Preparing an Endangered Language for the Digital Age: The Case of Judeo-Spanish

We develop machine translation and speech synthesis systems to complement the efforts of revitalizing Judeo-Spanish, the exiled language of Sephardic Jews, which survived for centuries, but now faces the threat of extinction in the digital age. Building on resources created by the Sephardic community of Turkey and elsewhere, we create corpora and tools that would help preserve this language for future generations. For machine translation, we first develop a Spanish to Judeo-Spanish rule-based machine translation system, in order to generate large volumes of synthetic parallel data in the relevant language pairs: Turkish, English and Spanish.

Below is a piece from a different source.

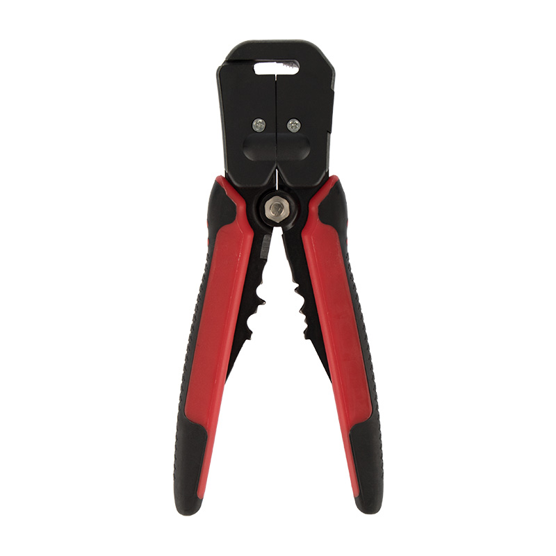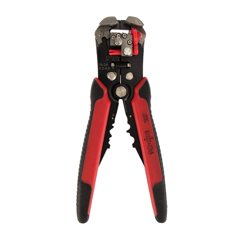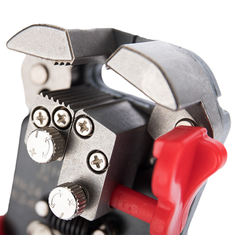 Корпус стриппера изготовлен из высокопрочной инструментальной стали, благодаря чему устойчив к механическим воздействиям и имеет продолжительный срок службы. В конструкции стриппера предусмотрен ограничитель длины зачистки провода и возвратная пружина, которая обеспечивает обратный ход рукояток и упрощает процесс работы с инструментом. Регулятор усилия зажима провода позволяет адаптировать инструмент под различные типы и размеры изоляции и не повредить сам провод при снятии изоляции. Также стриппер оснащен режущей кромкой для равномерной обрезки проводников. Двухкомпонентные защитные рукоятки с резиновыми вставками не дают инструменту выскальзывать из руки при работе.

Then, we train baseline neural machine translation engines using this synthetic data and authentic parallel data created from translations by the Sephardic community. For text-to-speech synthesis, we present a 3.5 hour single speaker speech corpus for building a neural speech synthesis engine. Resources, model weights and online inference engines are shared publicly.

This is a new paper by Yasmin Moslem, one of the OpenNMT contributors, training neural machine translation models on the low resource language Judeo-Spanish. The authors developed a rules based translation system to generate translation data then trained their neural models with OpenNMT-py on the generated data along with authentic translation data.

1 Like

The same author just released a new paper.

Preservation of domain knowledge from the source to target is crucial in any translation workflow. It is common in the translation industry to receive highly specialized projects, where there is hardly any parallel in-domain data. In such scenarios where there is insufficient in-domain data to fine-tune Machine Translation (MT) models, producing translations that are consistent with the relevant context is challenging. In this work, we propose a novel approach to domain adaptation leveraging state-of-the-art pretrained language models (LMs) for domain-specific data augmentation for MT, simulating the domain characteristics of either (a) a small bilingual dataset, or (b) the monolingual source text to be translated. Combining this idea with back-translation, we can generate huge amounts of synthetic bilingual in-domain data for both use cases. For our investigation, we use the state-of-the-art Transformer architecture. We employ mixed fine-tuning to train models that significantly improve translation of in-domain texts. More specifically, in both scenarios, our proposed methods achieve improvements of approximately 5-6 BLEU and 2-3 BLEU, respectively, on the Arabic-to-English and English-to-Arabic language pairs. Furthermore, the outcome of human evaluation corroborates the automatic evaluation results.

3.1 Use Case 1: Limited bilingual in-domain data available This is a common scenario where a specialized translation project is received, and although there is a large bilingual generic dataset and a small bilingual in-domain dataset (e.g. translation memory), the in-domain data is insufficient for fine-tuning a baseline model. From now on, we will refer to this use case as “Setup 1”. To handle this situation, we propose the following steps: 1. We employ text generation with a large LM in the target language to augment the indomain data. In this process, each target sentence in the in-domain dataset is used as a prompt to generate synthetic segments using the pre-trained language model. As expected, the generated text preserves the domain characteristics of the authentic in-domain data. This step enables us to have sufficient data in the target language. 2. To obtain parallel source sentences, we back-translate the target-side synthetic sentences that were generated in the previous step. 3. We apply mixed fine-tuning proposed by Chu et al. (2017) to the baseline model. In other words, we continue training our baseline model on a mix of (a) the synthetic bilingual in-domain dataset we got from the two previous steps, and (b) a randomly sampled portion of the original generic dataset, with a data size ratio of 1:9, respectively. To apply oversampling, we employ the dataset weights feature in OpenNMT-tf1 (Klein et al., 2020), with weights 0.9 and 0.1, respectively. Hence, the dataset weights are inversely proportional to the sizes of the two datasets.2 As the in-domain corpus is smaller than the generic corpus, oversampling allows the model to pay equal attention to both corpora. As a result of the mixed fine-tuning process, we obtained a new model that translates in-domain data significantly better than the baseline (cf. Section 5).3 4. Although the new fine-tuned model can still adequately translate generic data, we noticed it can degrade performance by 1-2 BLEU points. Therefore, we experimented with checkpoint averaging (Vaswani et al., 2017) of the fine-tuned model with the baseline model to reduce variability between trainings and address rapid overfitting during finetuning (Tran et al., 2021). This step helps regain the higher evaluation score of the baseline model on generic data, while retaining the improved score of the fine-tuned model on in-domain data.

They use language models to generate translation data within a specific domain and then use that data to train their translation model.